И всякий, кто встретится со мной... (Чиладзе) - страница 38
О вдове и ее ублюдке он и не помнил, пока не нажал на курок, — вспомнил он о них лишь тогда, когда раздался выстрел и между пальцами борчалинца засочилась кровь. Борчалинец не убирал рук с живота, словно поймал на нем какое-то скользкое, слизистое беспозвоночное и боялся, чтоб оно не ускользнуло. Вернуть в ствол вылетевшую из него пулю не смогла б и нечистая сила! Единственное, что могло хоть немного помочь ему в этом новом несчастье, это срочно свалить собственную глупость и слепоту на кого-нибудь другого — поэтому-то в момент выстрела он и вспомнил вдову и этого проклятого молокососа, прятавшихся за его спиной. Но страх и ненависть оглушили, сковали его, отняли у него язык; он ничего не слышал, ничего не чувствовал, кроме страха и ненависти, мучительных, не дававших покоя, словно накопившаяся за долгие годы грязь, которую хочется соскоблить кирпичом, песком, ногтями! Когда он пришел в себя, борчалинца во дворе уже не было, а болваны соседи единодушно восхваляли его за спасение вдовы и сироты. Сперва он рассвирепел и чуть было не замахнулся на них простыней — грязной простыней вдовы, случайно попавшейся ему под руку, когда он вдруг кинулся на помощь к раненому. Но он быстро сообразил, что положение заступника вдовы и сироты все же лучше, чем ничего, что теперь деревня хоть не бросит его в беде, не даст борчалинцу слопать его в одиночку; к тому же это украшало его неким благородным ореолом, в чем его раздраженное самолюбие нуждалось сейчас, как больной в лекарстве. Поэтому-то он в ту ночь не дал себе воли, отложил наказание своих губителей. В своем праве наказывать их он не сомневался: попал-то он в это нечеловеческое испытание только из-за них!

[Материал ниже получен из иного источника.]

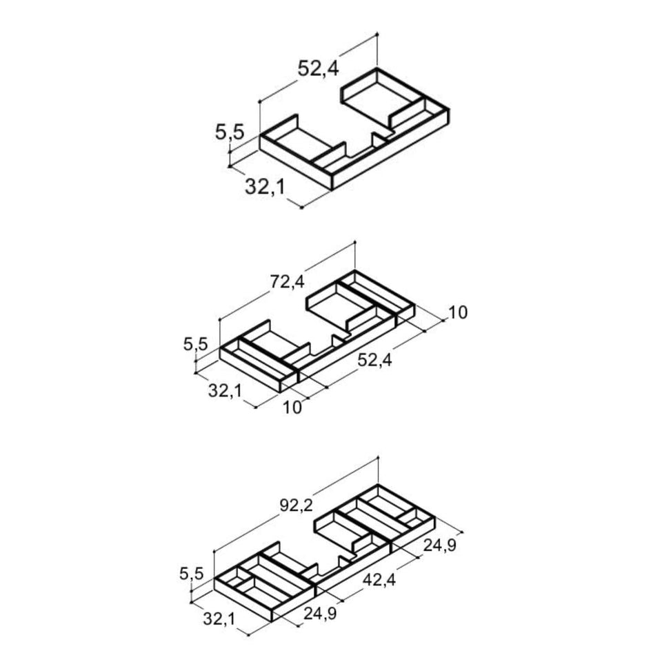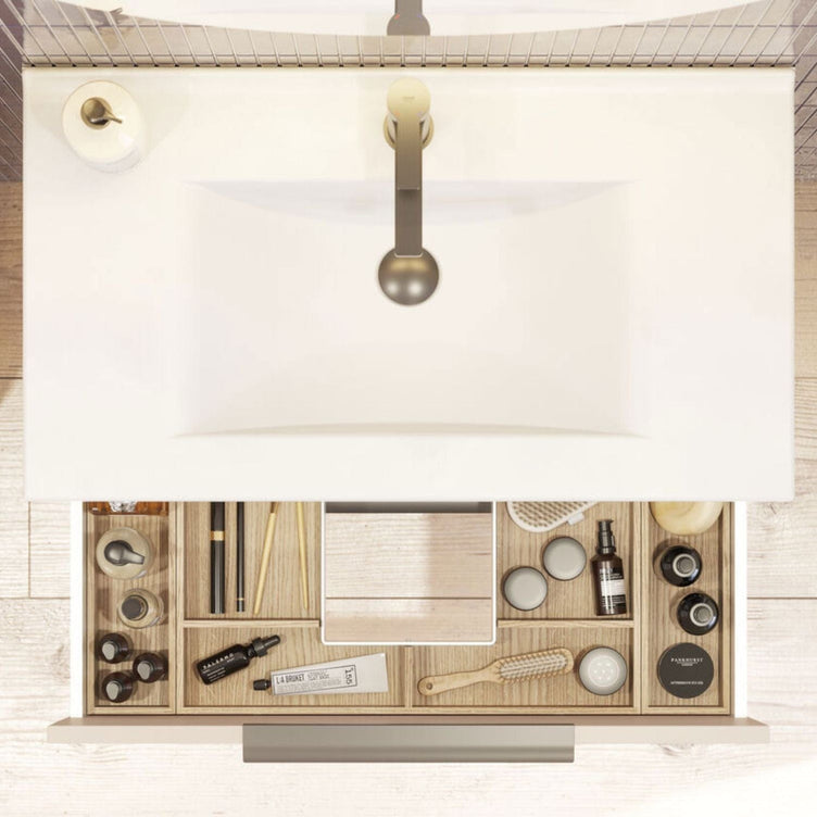 Med trebrett til den øverste skuffen kan du organisere bedre og holde orden i skuffene. Trebrettene er delt inn i ulike rom der du kan oppbevare bomullspinner, kremer, tannbørste osv. Skufffeinnredningen er både praktisk og ser flott ut i skuffen.

Он долго глядел в непроницаемую тьму, в которой исчез раненый борчалинец. Потом он в недоумении пожал плечами, не сразу сообразив, почему у него в руках кувшин и простыня. Потом кто-то вел его по пустой деревенской улице — под руку, как человека, идущего за гробом ближнего. А потом он сидел один на сундуке в своей палатке, нетерпеливо вслушиваясь в темноту, чтоб услыхать фырканье лошади. Он надеялся только на лошадь — дело оборачивалось так, что следовало немедленно бежать. Но он уже знал, что никуда не убежит.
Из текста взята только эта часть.